One more evidence which strengthen my suspicion is that turning off retry_put_coordinator_failure makes this buggy behaviuor go away with quite high probability, if not completely, given the number of test runs I've performed so far.

Additional observations

Moreover it's not clear for me why acknowledgement is being sent in the execute state of an fsm, but not in the validate state since there's a possibility that execute will be skipped altogether, in the event of parameter violation for example.

Many thanks for the high quality investigation, and excellent write-up.

I have another bug I'm focused on at the moment, but will try and look at this as soon as possible. @martincox would you, or someone in your team, be able to look too?

My initial reaction if your hunch is correct, is that we should just fail the PUT if the PUT is forwarded to a node that doesn't then find itself in the preflist. But this requires some thought.

Thanks @keynslug. Yep, I'll take a look at this tomorrow, @martinsumner.

In this case the problem occurs straight after a node leave, which makes me suspicious about problems we've seen in the shutdown process for leaving nodes.

We discovered an issue in develop-3.0 testing of riak_ensemble that when a node leaves, before it shuts down it starts a fresh ring (so that it believes it is in a cluster of 1, disconnected, should it restart). This fresh ring is created immediately before shutdown is triggered, but shutdown occurs in an orderly fashion and so services may be up on the node (with this fresh ring active) whilst the node waits for other services to be shutdown, so that the shutdown will occur in order.

What was found with riak_ensemble is that it wasn't guaranteed that the node was disconnected at this point, and some services were still to shut down. So those service might see this fresh ring, and react to it. So 'riak_ensemble' was taking ownership of stuff on the node that was shutting down, and ensembles would then go unavailable when the riak_ensemble service itself shutdown on that node.

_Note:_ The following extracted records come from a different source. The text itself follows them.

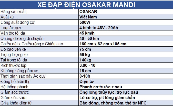 Xe điện Osakar Mandi là một mẫu xe điện đa dụng có thiết kế hiện đại, tương lai. Xe được trang bị bàn đạp, nhưng vẫn đảm bảo đầy đủ các tính năng và tiện ích của xe máy điện. Hơn nữa xe còn được trang bị thẻ NFC mở khóa một chạm cao cấp. Osakar Mandi được trang bị động cơ 500W cùng 4 bình ắc quy cỡ lớn 48V - 20Ah, cho quãng đường di chuyển 50 - 70 km, cùng vận tốc lên tới 40 km/h.
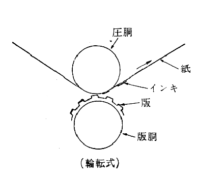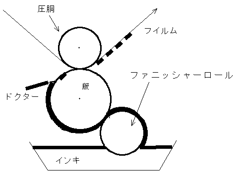 図1および図6に示したように、グラビア輪転印刷では、シリンダー状の版に小さな穴(くぼみ)があいており、ファニッシャーロールについたインキが版全面に移り、穴のない部分(非印刷部分)のインキはドクターで掻き落とされ、穴に残ったインキが圧胴で押さえられてフイルムに転写する。この方式は高速印刷で大量の印刷物製造に適している。
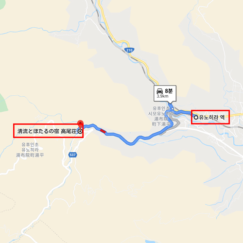 유노히라 온천가의 입구에 위치한 타카오소는 사계절 각기 다른 풍경을 즐길 수 있는 료칸이다. 봄에는 푸르른 신록, 여름에는 반딧불이, 가을에는 단풍, 겨울에는 눈쌓인 풍경 등 사계절 내내 훌륭한 풍경을 자랑한다. 객실은 일본의 전통미를 느낄 수 있는 인테리어로 포근한 분위기의 객실이다. 주변이 모두 자연으로 둘러싸여 있어 2층과 1층 어느 객실에서든 자연풍경을 바라보며 느긋하게 쉴 수 있다. 온천은 노천탕과 실내탕 두곳이 준비되어 있으며, 예약제로 한 번에 30분씩 이용 가능하다. 노천탕에서는 강물 소리를 들으며 느긋한 온천을 즐길 수 있고, 실내탕은 히노키를 사용한 욕조로, 은은한 히노키의 향기와 함께 몸에 쌓인 피로를 풀 수 있다. 식사는 지역에서 나는 신선한 식재료만을 엄선하여 사용한 요리로 분고규, 전갱이, 은어 등 오이타현의 특산물을 맛 볼 수 있다. 자연 속의 느긋한 휴식을 원하는 여행객에게 추천하고 싶은 료칸이다. |
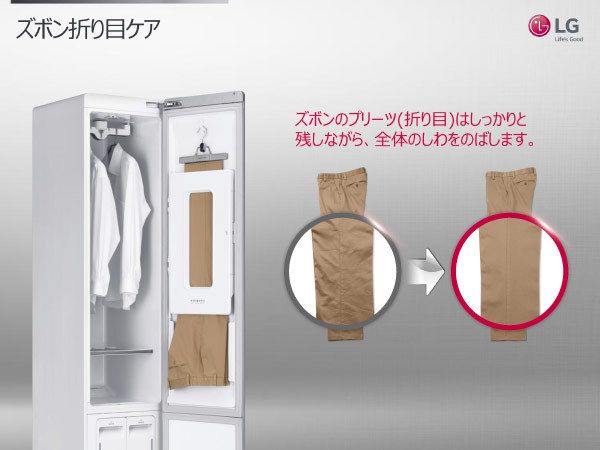 家庭用クリーニング機「LG styler」。左は服を掛けたところ、右はズボンの折り目ケア機能を使用しているところ。
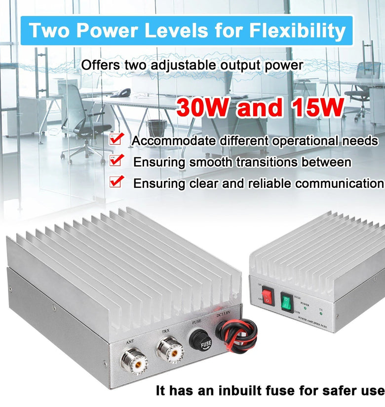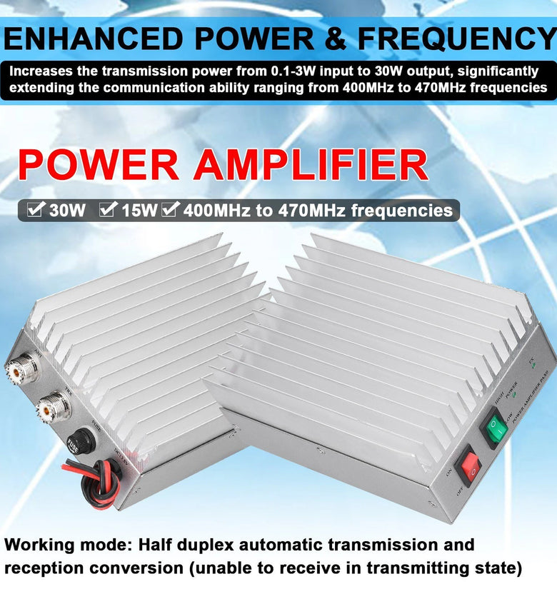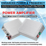 Enhanced Power & Frequency: Boosts transmission from 0.1-3W input to 30W output, extending communication range across 400-470MHz frequencies.
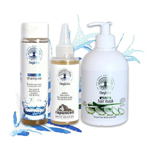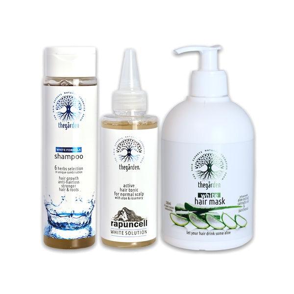 Promocyjny pakiet WHITE to funkcjonalne nawilżające trio szamponu, toniku i maski do włosów, które zaczynają szybciej rosnąć i przestają wypadać
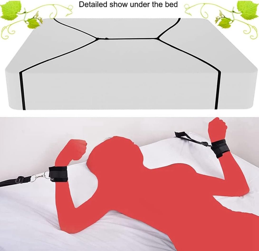 Bed Restraint for Queen Size Bed Straps for Adult Play King Size Bed Ties for Couples Wrist and Ankle Sex Play Handcuffs BDSM Furniture Bondage Restraints Sex Set for Bed Bondaged Kit Women Sweatshirt
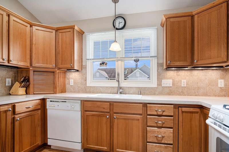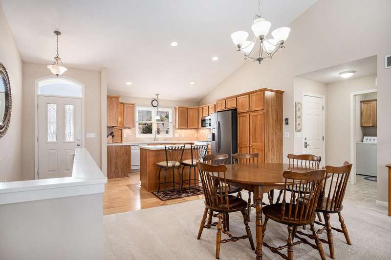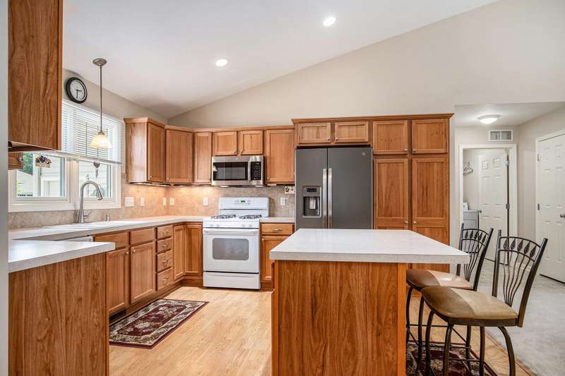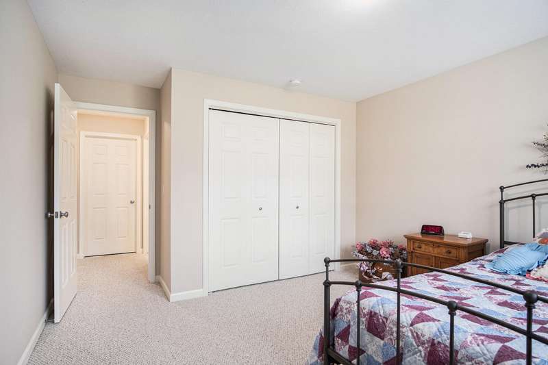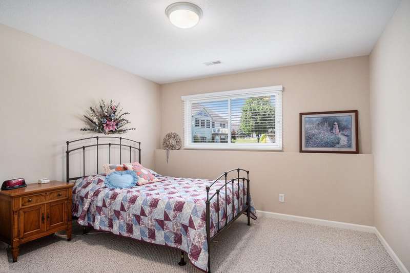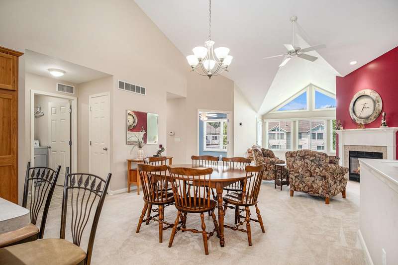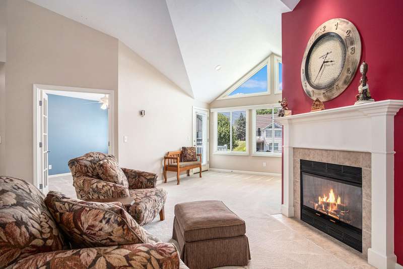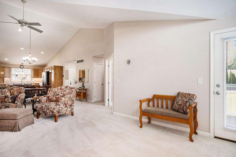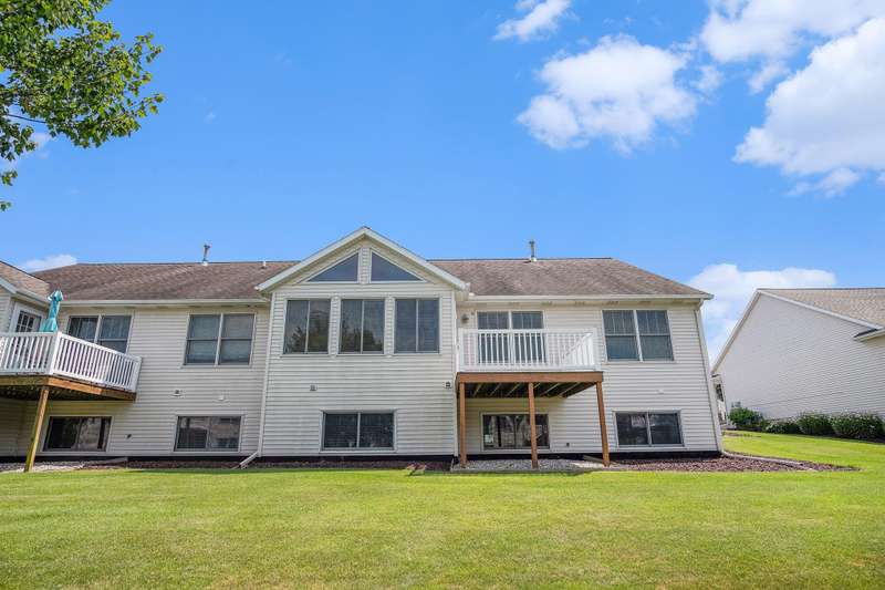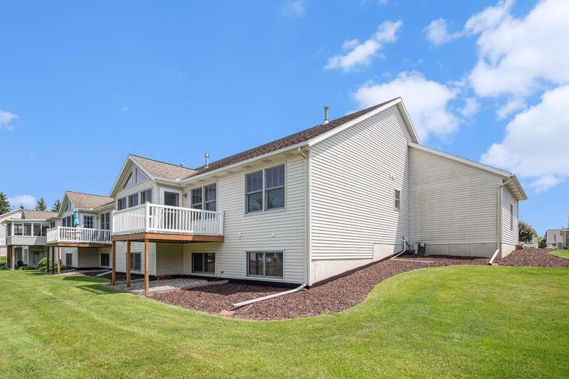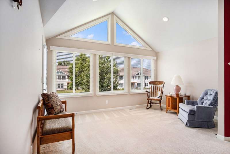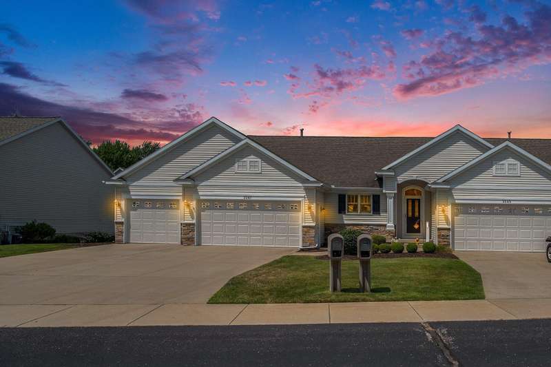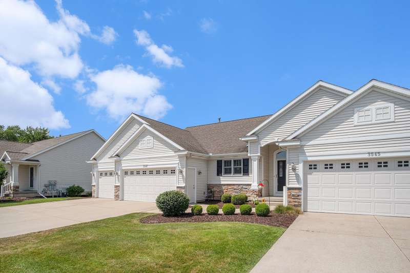 Move right in to this end unit condo featuring a 3 car garage, vaulted ceilings and abundant natural light. You will feel right at home in this Village Woods Condo with a main floor primary ensuite bedroom, open kitchen and main floor laundry. There is a guest room and full bathroom in the lower level with a large family room. Enjoy stress free living without the hassles of maintaining landscaping or snow removal. Possession is available at closing.
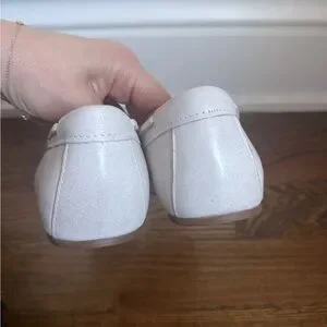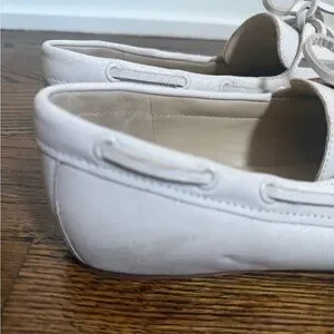 Chic cream loafers by Vince. Sleek design with lace detail. Ideal for casual elegance. please note the right shoe has a little leather damage done by the sticker, barely not accessible, but I wanted to disclose.
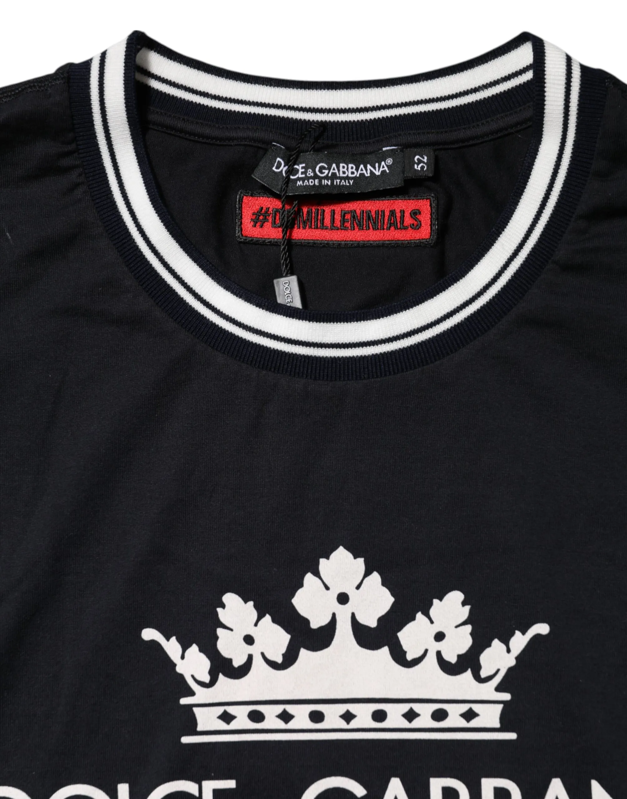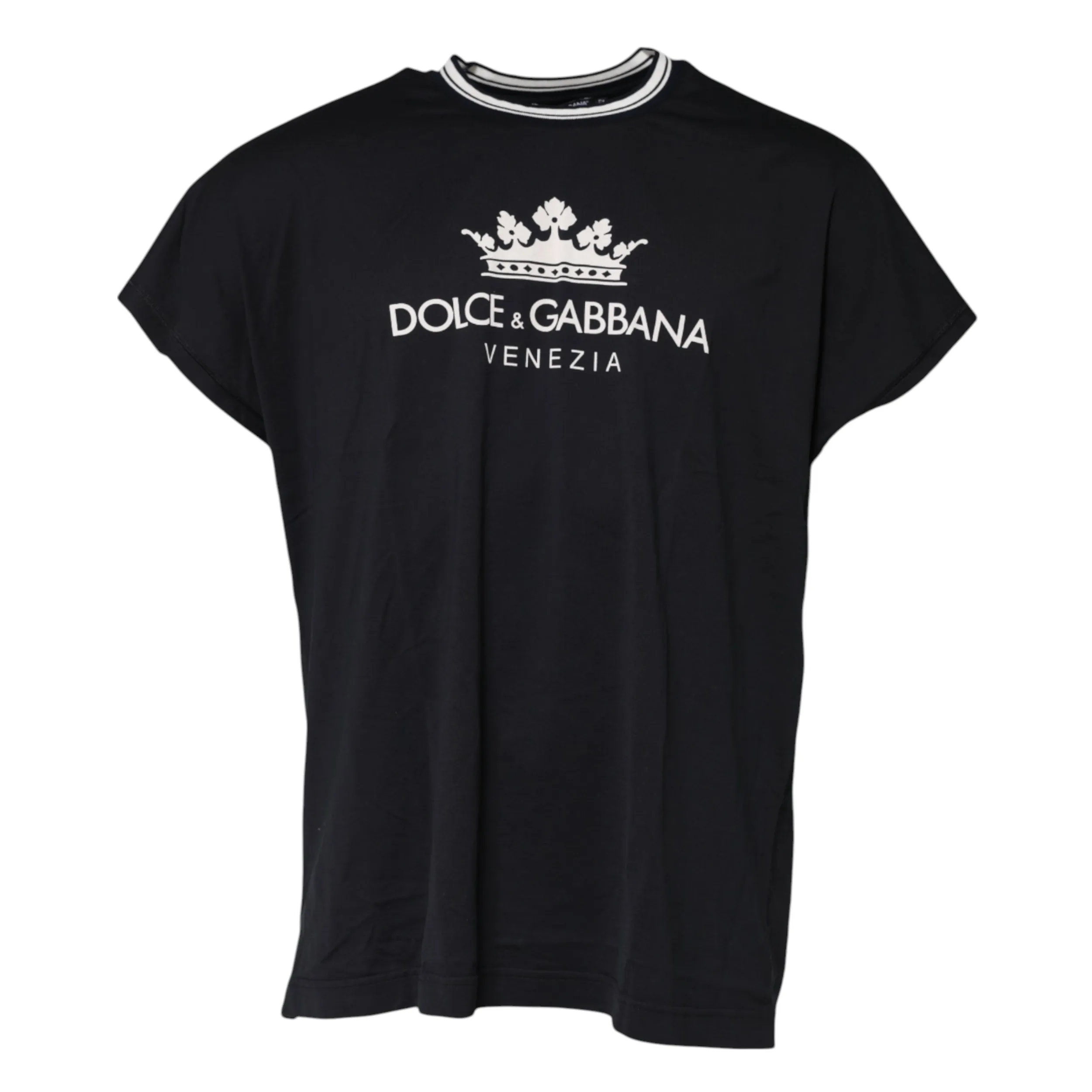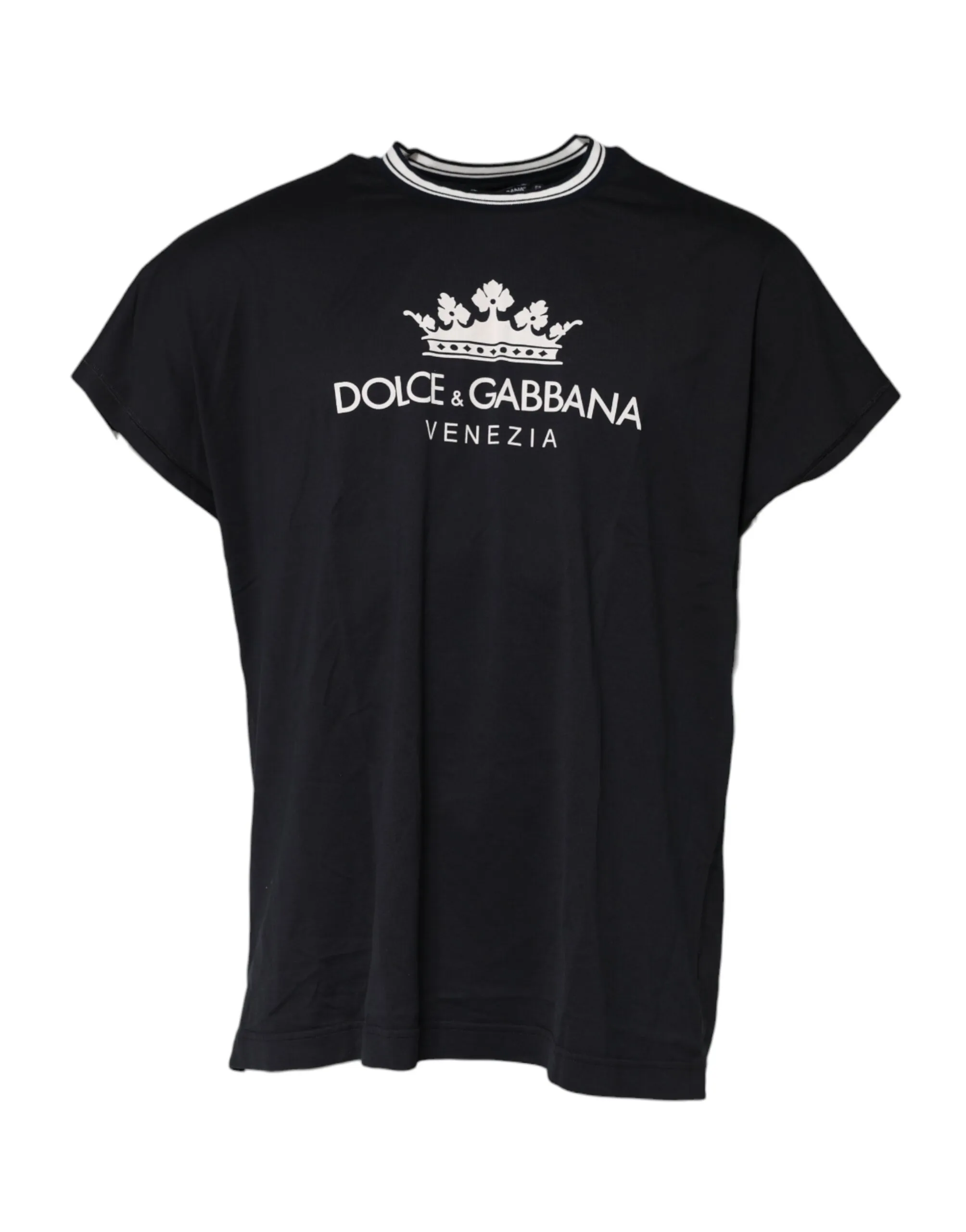 Dark Blue Venezia Crown Cotton Crew Neck T-shirt

The riak_core service is the last to shutdown, so it will happily provide the incorrect ring to any service where shutdown has not yet been triggered.

I don't know if it is possible for a PUT to be forwarded to a node (or a GET to be received by a node) in this state, so that because it sees all vnodes as local due to the fresh ring, it will think that PR or PW can be satisfied locally.

To get round this, I introduced (on 3.0 only) the concept of a last-gasp-ring (that is the fresh ring created for the node as it shuts down after leaving):

https://github.com/basho/riak_core/commit/8f6cb273b9001e3afaeb41816dfe3fe22502759e

Then some changes to stop services reacting to a last gasp ring:

e.g. https://github.com/basho/riak_core/commit/450b55869743b1867f5a30f78b300e807d266f0a

One way of checking this would be to use node_confirms as well as PW/PR - as this would stop a disconnected node from still processing work. node_confirms is implemented on writes in 2.9.1 (it is a bucket property like PW, and can be set to 2), and will be added to reads in 2.9.2.

If there is a last-gasp-ring issue, then it might be worth pack-porting the last-gasp-ring changes, and then get the PUT_FSM and GET_FSM to check that any ring they're making decisions on isn't a last-gasp.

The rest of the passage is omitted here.